Carol Stream girl with autism meets her hockey idols: the refs
Nicole Augustyniak hurries past the locker room, eager to meet her heroes.
No, the Carol Stream 11-year-old doesn't want autographs from the Chicago Wolves players who pulled off a win in overtime. She's not looking around for the coaches. A Zamboni? Nicole has seen plenty of those on TV, and moves on.
So what's she fan-girling about? The guys in stripes, of course.
“Today,” Nicole declares, “I get to unveil my inner official.”
Nobody roots for the refs. So when Nicole sheepishly opens the door to the officials room at the Allstate Arena in Rosemont, one of her idols has to ask: “Did you yell at us?”
Nicole would never.
“I was making all the calls you did,” she said.
Nicole's interest in hockey and officiating began about two years ago when she watched a Blackhawks game.
“She felt sorry for the refs during the game because people were booing them,” her mom, Linda Augustyniak, said. “She's like, ‘They're just doing their jobs.'”
It's more than a simple case of sympathy. Nicole, who has autism and has long defied expectations — by doctors, by psychologists — had not yet found her passion until she started learning all she could about the rules of hockey, her mom said. “It's been a godsend. It really has.”
As a baby, Nicole was withdrawn. At about 9 months old, she began intensive therapies.
“Nobody ever expected her to have language, let alone be so social,” Linda Augustyniak said.
But her mom would see a “frustrated little girl” aching to communicate. At 3, Nicole did just that and started to speak.
“She takes so much more out of every scene in her life and her experiences than you and I do,” Linda Augustyniak said.
Now in mainstream classes with her peers at Benjamin Middle School, the curious sixth-grader wears a ref's jersey every Friday. And she catches up on game highlights before school.
“It just took one game, and she just — it's hard to describe,” her mom said. “She researches everything she can on her iPad.”

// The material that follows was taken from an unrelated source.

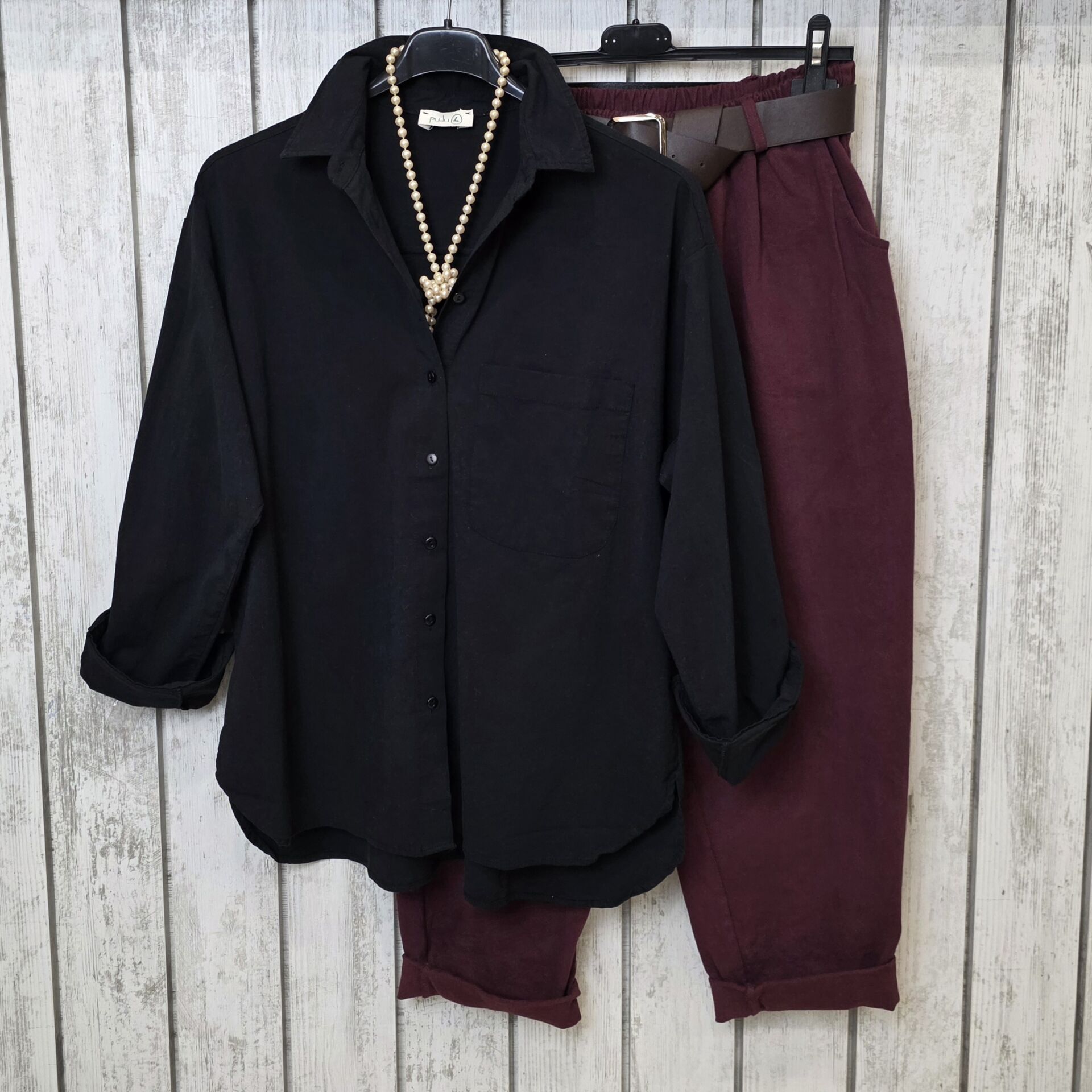 Önü düğmeli, göğüs üstü tek cepli, uzun kollu gömlek.
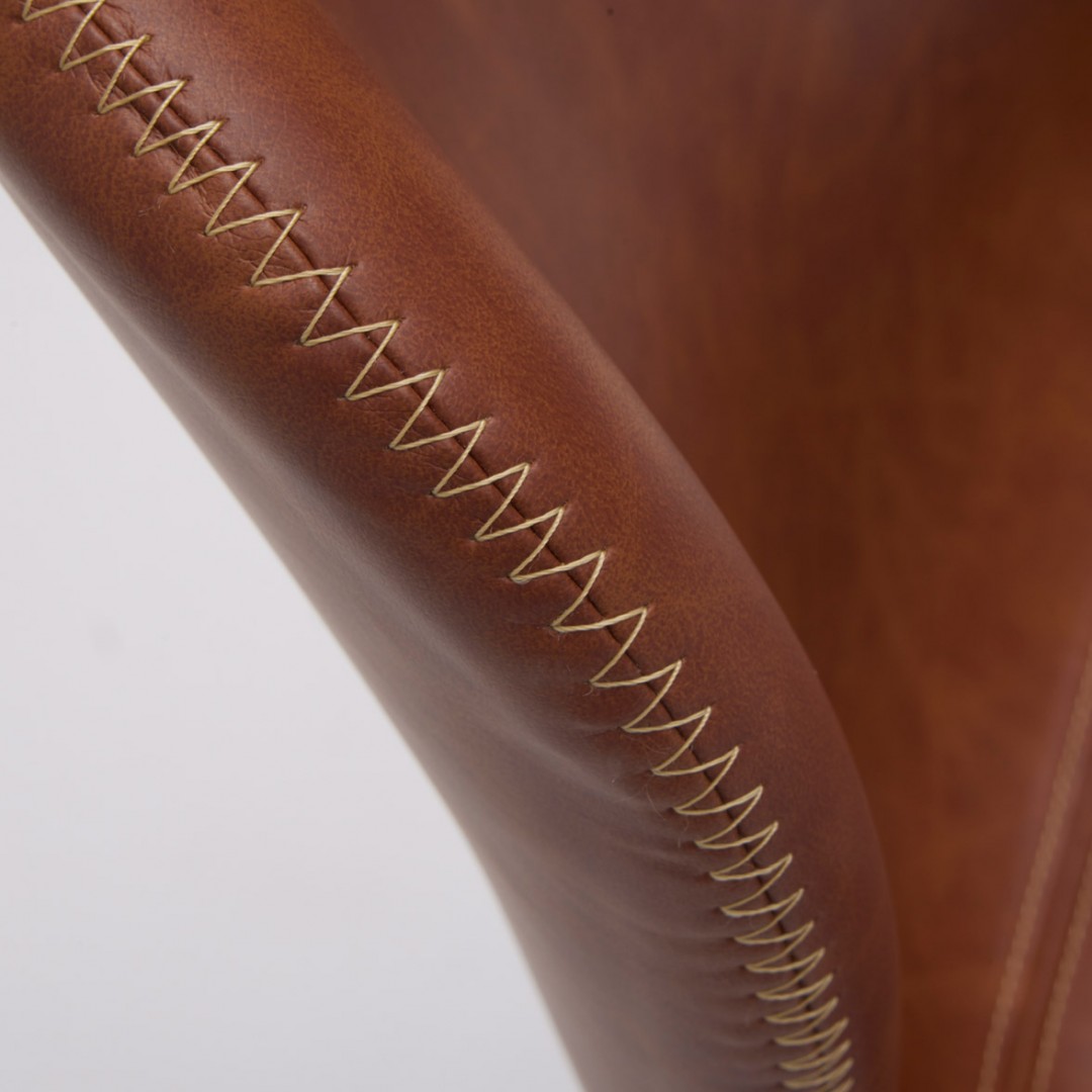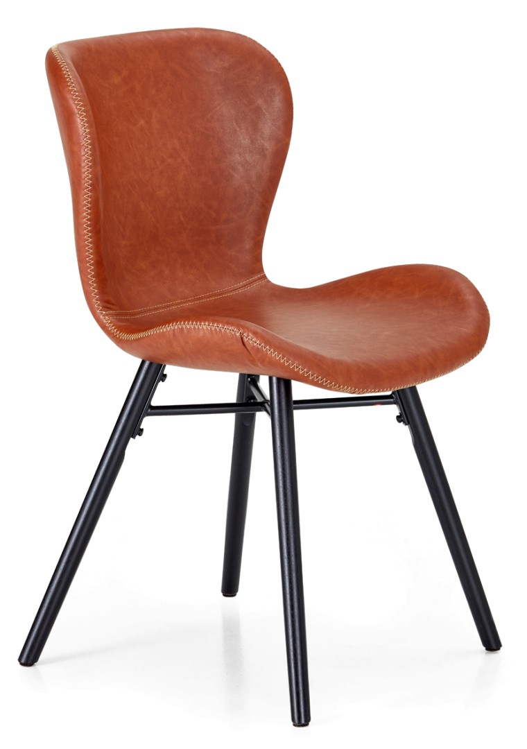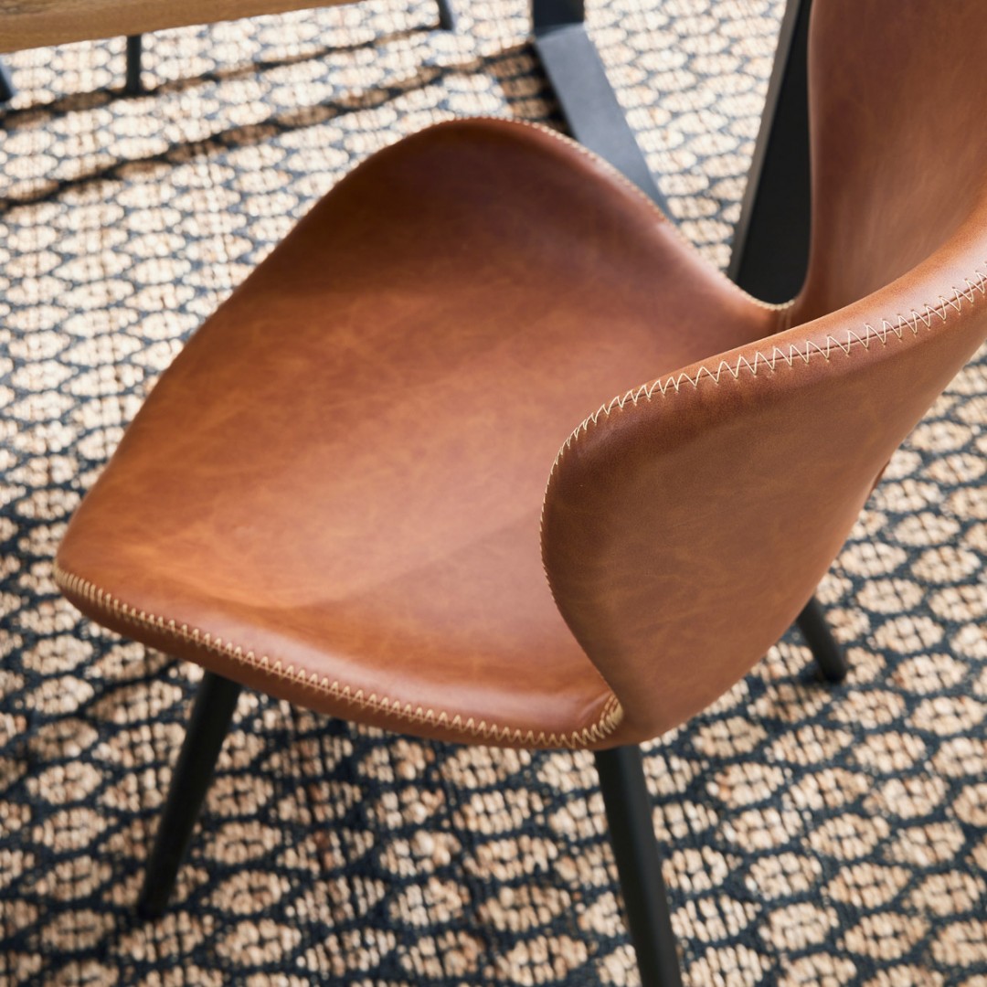 LINE-tuolissa on jotain retroa ja jotain todella uudenaikaista. Tässä punaruskeassa, keinonahkaisessa ruokatuolissa on tyylikkäänä yksityiskohtana vaaleat tikkaukset istuimen sivuilla. Jalat ovat mustaksi maalattua kumipuuta, joka sopii hyvin ruokatuolien materiaaliksi, sillä se on kovaa puuta eikä siinä näy naarmut helposti. Verhoilu on keinonahkaa, joka on helppohoitoista. Se kestää hyvin kosteutta ja likaa, joten voit pyyhkiä sen helposti puhtaaksi. Keinonahka on vahvaa ja kestävää materiaalia eikä se repeydy yhtä helposti kuin aito nahka.

Before mom and daughter planned to go to the Wolves game in Rosemont, Linda Augustyniak reached out to Lindsey Willhite, the team's director of public relations, and asked for a meeting with just one of the referees. All Nicole wanted was to “maybe shake his hand and have a few-minute conversation with him.”
“Something like that would be the equivalent of going to Disney World for a child like Nicole,” her mom wrote.
Nicole got more than a brief meeting. First, the American Hockey League sent a referee's jersey signed by her favorite official, David Banfield.
Nicole wore that jersey to the game, where she politely informed a clueless reporter that refs, not linesmen, wear orange armbands. She didn't pay much attention to the players, but tried to imagine what it would be like to officiate.
“I wonder what those refs are talking about?” she asked.
She finally got the chance to pick their brains in the postgame officials room, where Chris Schlenker, William Hancock, Ryan Murphy and Ryan Daisy thanked her for “being part of our team” and presented her with another jersey and the game puck.
In Nicole, Schlenker recognized what he sees in his own 7-year-old son, who also has autism.
“It's those smiles on their faces. They just have such a different look on life, and it's a humbling experience to see how excited they are,” Schlenker said. “It's a good grounding for the rest of us who just kind of take this stuff for granted.”
The four all wanted to take a picture with Nicole and led her out on to the ice — a moment mom knew “would resonate” with her daughter.
But all the excitement left mom with a little problem:
“What am I going to do for Christmas now?” she said.